* EXERCISE AIM: An exact copy of every entry is needed, without the pictures.
☆ ☆ ☆
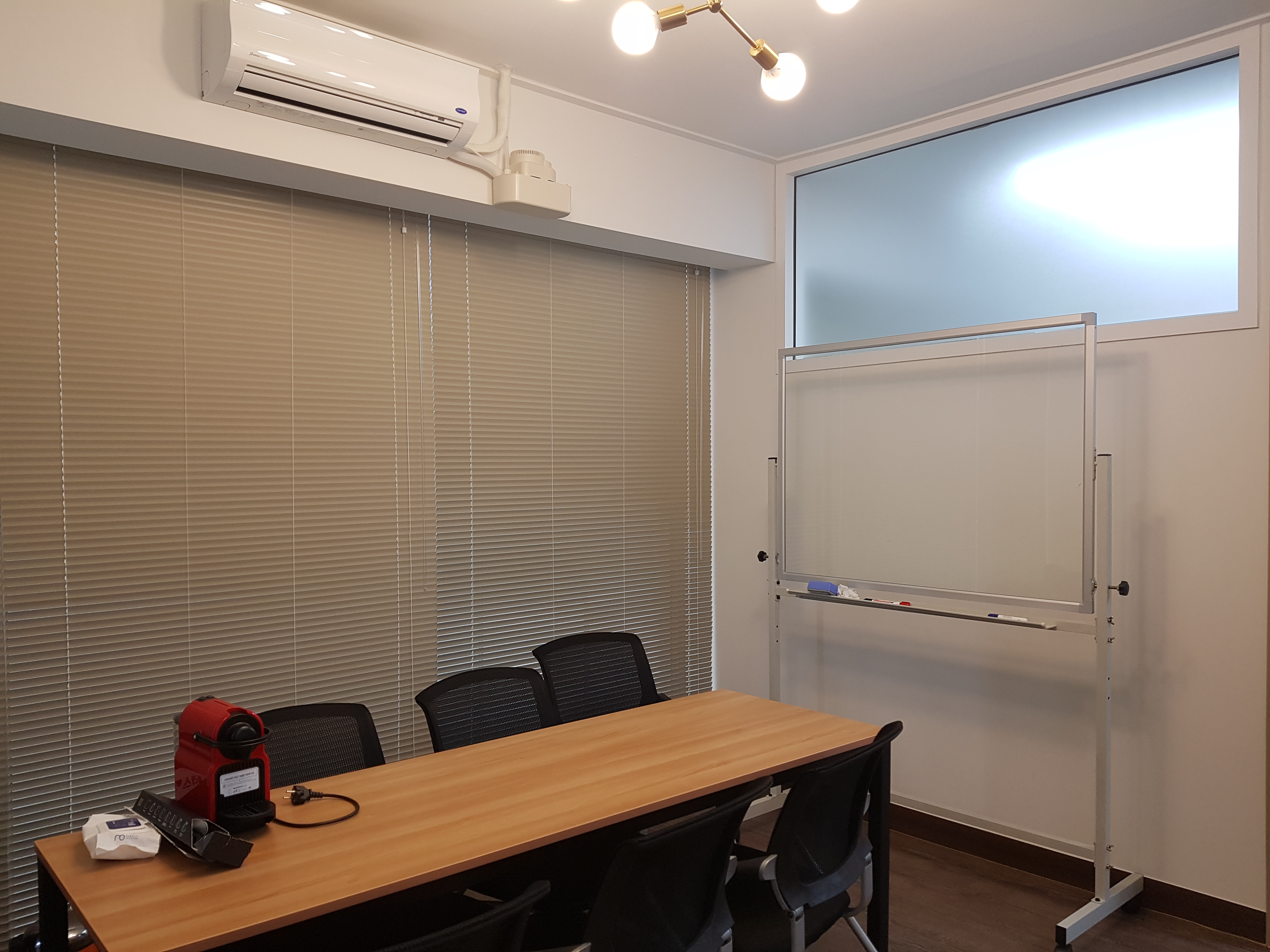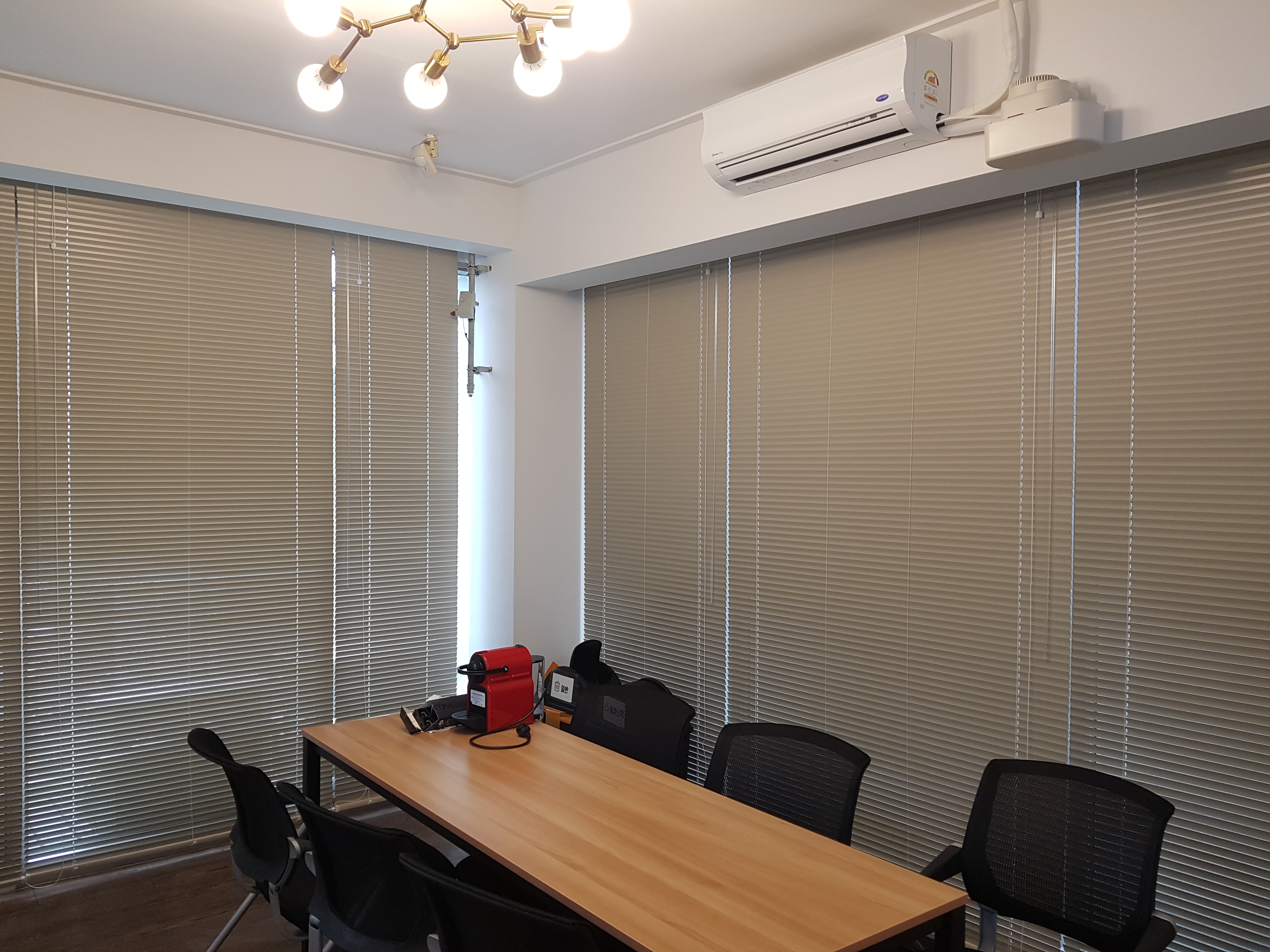 회의실 공간에 알루미늄블라인드 B-104번 컬러를 설치한 모습입니다.
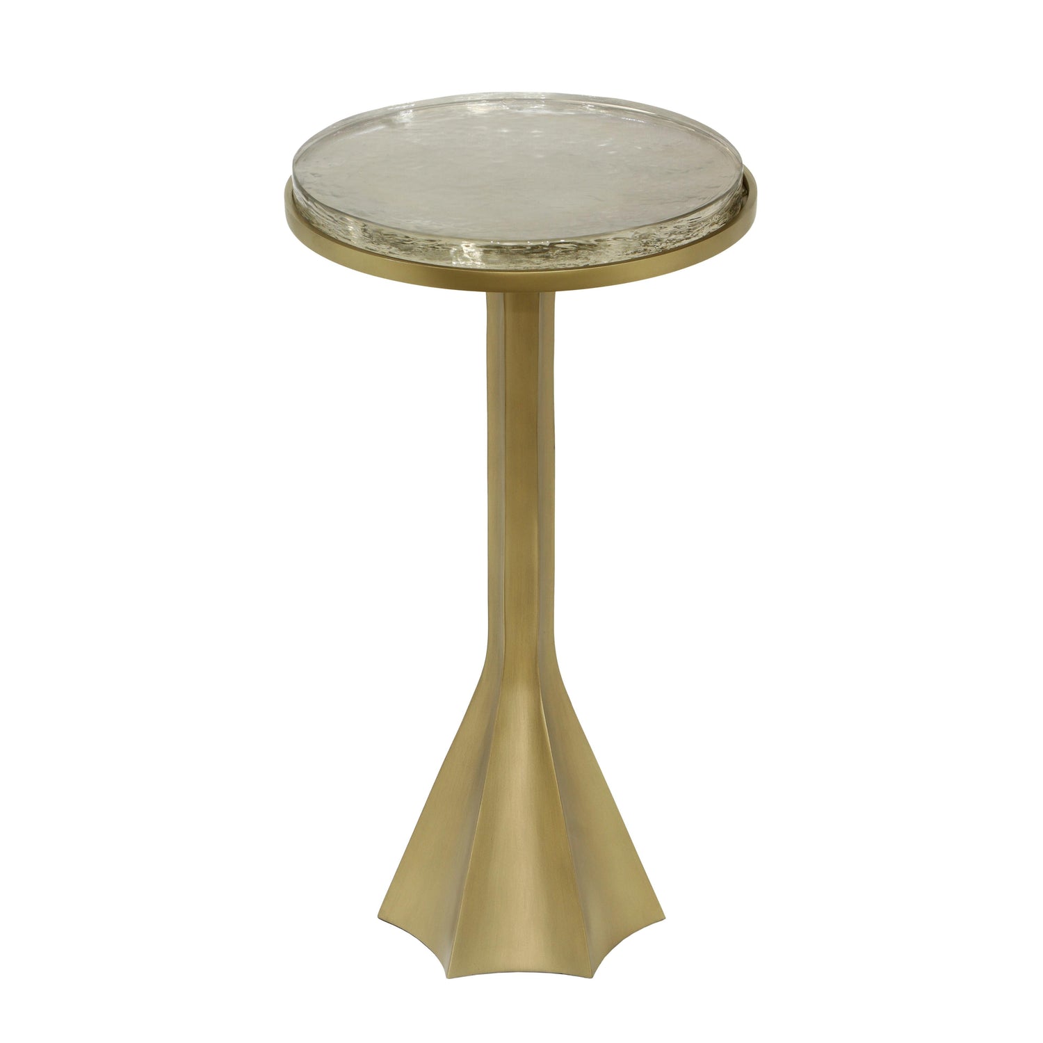 Elevate your living space with the Gabrielle Round Side Table, where elegance meets artistry! The brass-colored aluminum base adds a touch of timeless sophistication and the swelled base adds a touch of whimsey and visual interest. The glass table top is sturdy and durable, made to support your snacks, beverage, or decor piece and last a lifetime.
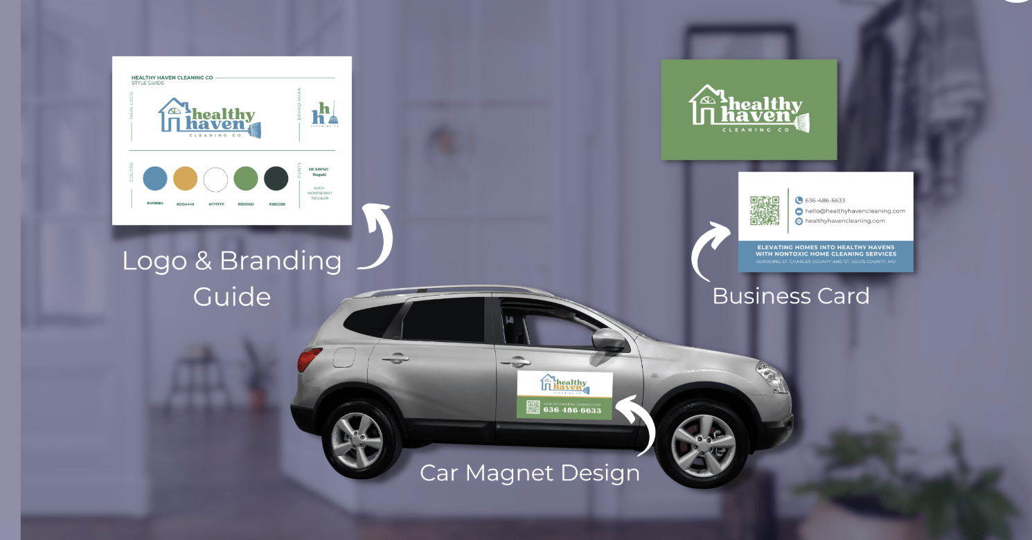 We designed a full brand and website for a residential cleaning business, including logo, WordPress site, and marketing materials. The goal was to create a clean, trustworthy look that appeals to busy homeowners. Deliverables included a mobile-optimized website, Google Local Business setup and optimization, brand style guide, social media graphics, business cards, uniform design, and a car magnet—giving the client a polished, professional presence both online and offline.
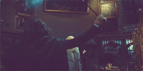 Dumbledore watched her fly away, and as her silvery glow faded he turned back to Snape, and his eyes were full of tears.
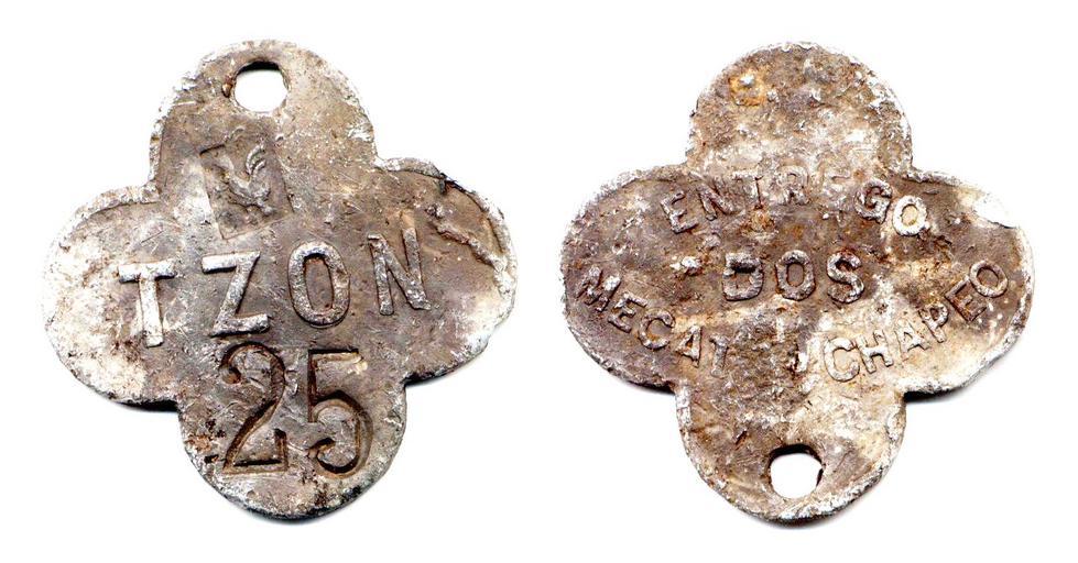 | Keywords: Ficha por 2 Mecates de Chapeo de la Hacienda San Francisco Dzon, Yucatán (01)(anverso y reverso).jpg es Ficha por 2 Mecates de Chapeo de la Hacienda San Francisco Dzon Yucatán 2014-06-24 11 39 54 own Inri PD-Mexico cc-zero Uploaded with UploadWizard Coins of Mexico |
☆ ☆ ☆
* EXERCISE SOLUTION:
 회의실 공간에 알루미늄블라인드 B-104번 컬러를 설치한 모습입니다.
 Elevate your living space with the Gabrielle Round Side Table, where elegance meets artistry! The brass-colored aluminum base adds a touch of timeless sophistication and the swelled base adds a touch of whimsey and visual interest. The glass table top is sturdy and durable, made to support your snacks, beverage, or decor piece and last a lifetime.
 We designed a full brand and website for a residential cleaning business, including logo, WordPress site, and marketing materials. The goal was to create a clean, trustworthy look that appeals to busy homeowners. Deliverables included a mobile-optimized website, Google Local Business setup and optimization, brand style guide, social media graphics, business cards, uniform design, and a car magnet—giving the client a polished, professional presence both online and offline.
 Dumbledore watched her fly away, and as her silvery glow faded he turned back to Snape, and his eyes were full of tears.
 | Keywords: Ficha por 2 Mecates de Chapeo de la Hacienda San Francisco Dzon, Yucatán (01)(anverso y reverso).jpg es Ficha por 2 Mecates de Chapeo de la Hacienda San Francisco Dzon Yucatán 2014-06-24 11 39 54 own Inri PD-Mexico cc-zero Uploaded with UploadWizard Coins of Mexico |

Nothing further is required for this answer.